| We are adding this now to our tensor library:
https://github.com/deeplearning4j/nd4j/pull/1750 I've also added numpy interop via our new python interface jumpy:
https://github.com/deeplearning4j/jumpy We are doing a lot more than autograd though, this is going to support dynamic computation graphs, give you direct access to a graph data structure and will later be usable from nd4s (our scala wrapper) Rather than spending time going back and forth implementing all of those things you could just pitch in with our existing efforts (hint: you'd actually be getting something done rather than debating ;)) We have a parameter server for word2vec, various kinds of optimizers and the like:https://github.com/deeplearning4j/nd4j/tree/master/nd4j-para... I'd also just like to note for anyone else reading this: Mulling over doing something helps no one.

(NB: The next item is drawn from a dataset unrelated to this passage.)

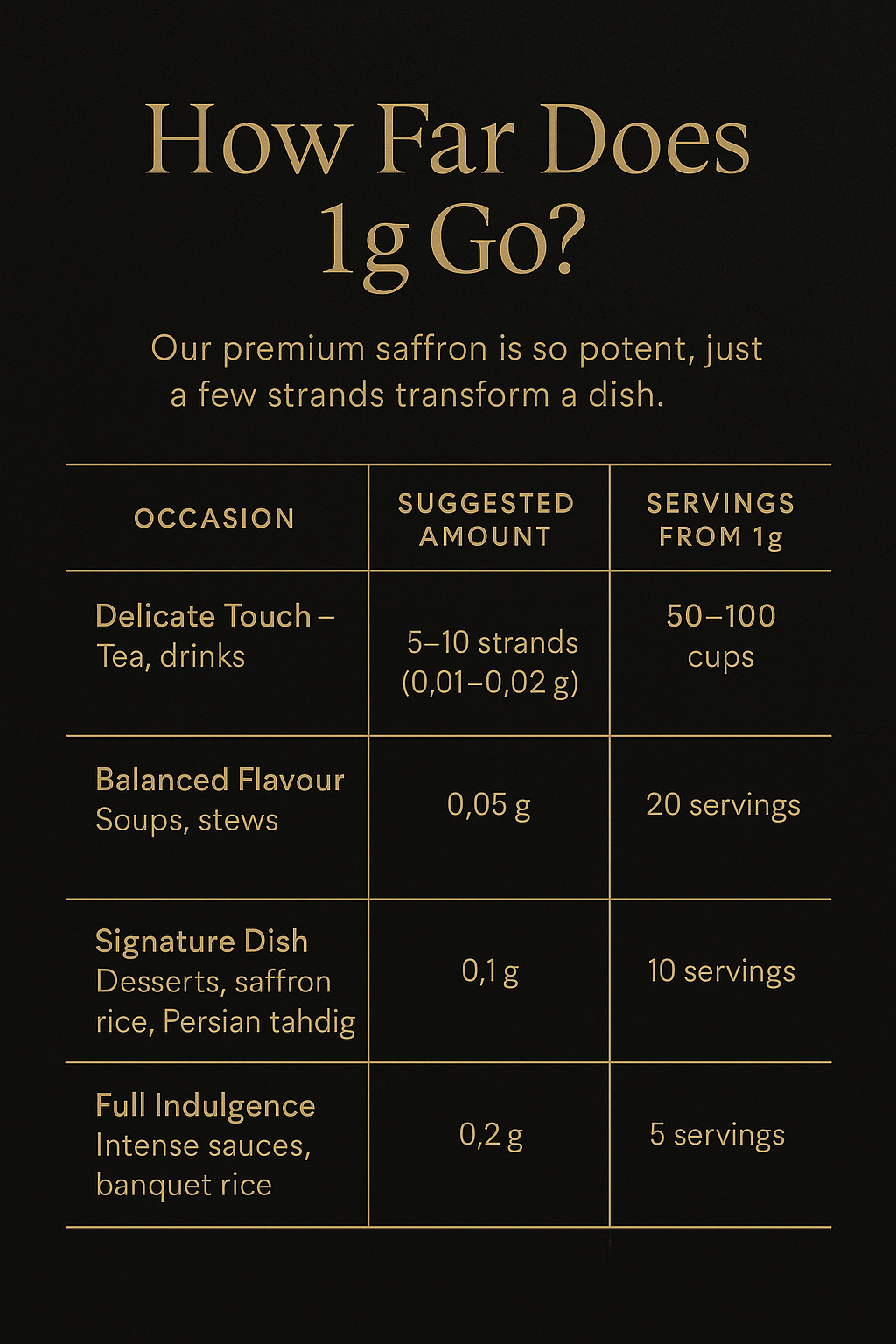If you refer to the below, there is a helpful table on an estimate use of saffron strands for dishes, drinks and uses.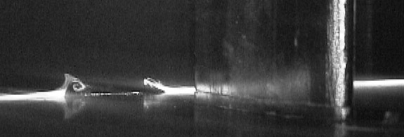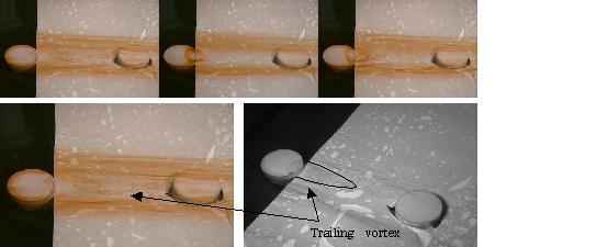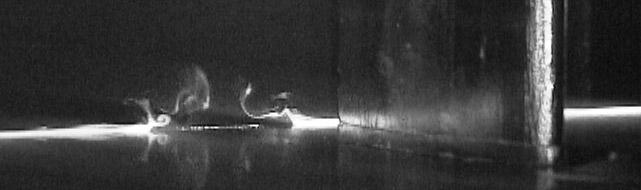 The development of low order models to describe flows over wavy surfaces has opened the way for the development of meaningful control strategies based around distributed surface mounted actuators. In the image shown below an actuator has been placed in a water channel and activated. The flow visualization images show the formation of a transient trailing pair behind the actuator that may be then utilized to modify the formation of "streaks" in the boundary layer.

If you see something that's open source that's close to what you want try engaging the authors to see what they have to say. Maybe they will guide you. We've done that recently for our lapack integration with cpu and gpu as well as various neural net implementations. No offense but it kills me to see comments like this. I see tons of people complaining about features yet doing nothing to add them let alone engaging open source authors. It's kinda funny - every time someone has actually did that I've hired them. The developers that actually take action when engaging open source are amazing people.I have a feeling it's because they take the time to learn and get their feet wet even if it's initimidating. Other neat community initiatives include flink:
https://issues.apache.org/jira/browse/FLINK-5782 Nasa (Apache Tika):
https://github.com/apache/tika/pull/165 A language for our ETL library DataVec (supports binary vectorization AND sql like transformations!):
https://github.com/deeplearning4j/DataVec/issues/224 A scala lib like tensorflow built on top of nd4j:
https://github.com/ThoughtWorksInc/DeepLearning.scala Our spark ml integration:
https://github.com/deeplearning4j/deeplearning4j/tree/master... The community is very active. We have 4200 people in a gitter room alone:
http://gitter.im/deeplearning4j/deeplearning4j |
I did not mean not criticise dl4j at all, I was simply pointing out an example of a feature I know I was missing at a point, I think we are actually agreeing. It does not always make sense to start something from scratch even though it's fun and a great learning experience. The ramp-up to something really useful in deep learning is simply very high. Further, few people can be an expert on the whole stack and I have no problem admitting to myself that even if I spent 2 years writing something from scratch, many parts would simply not be as good as something I could copy from an existing open source library. That's why contributing to open source also makes more sense to me - you get to work on a part that you can be good at.
Also should point out that when I was having problems with custom loss functions a year ago you guys were extremely helpful on Gitter in discussing issues.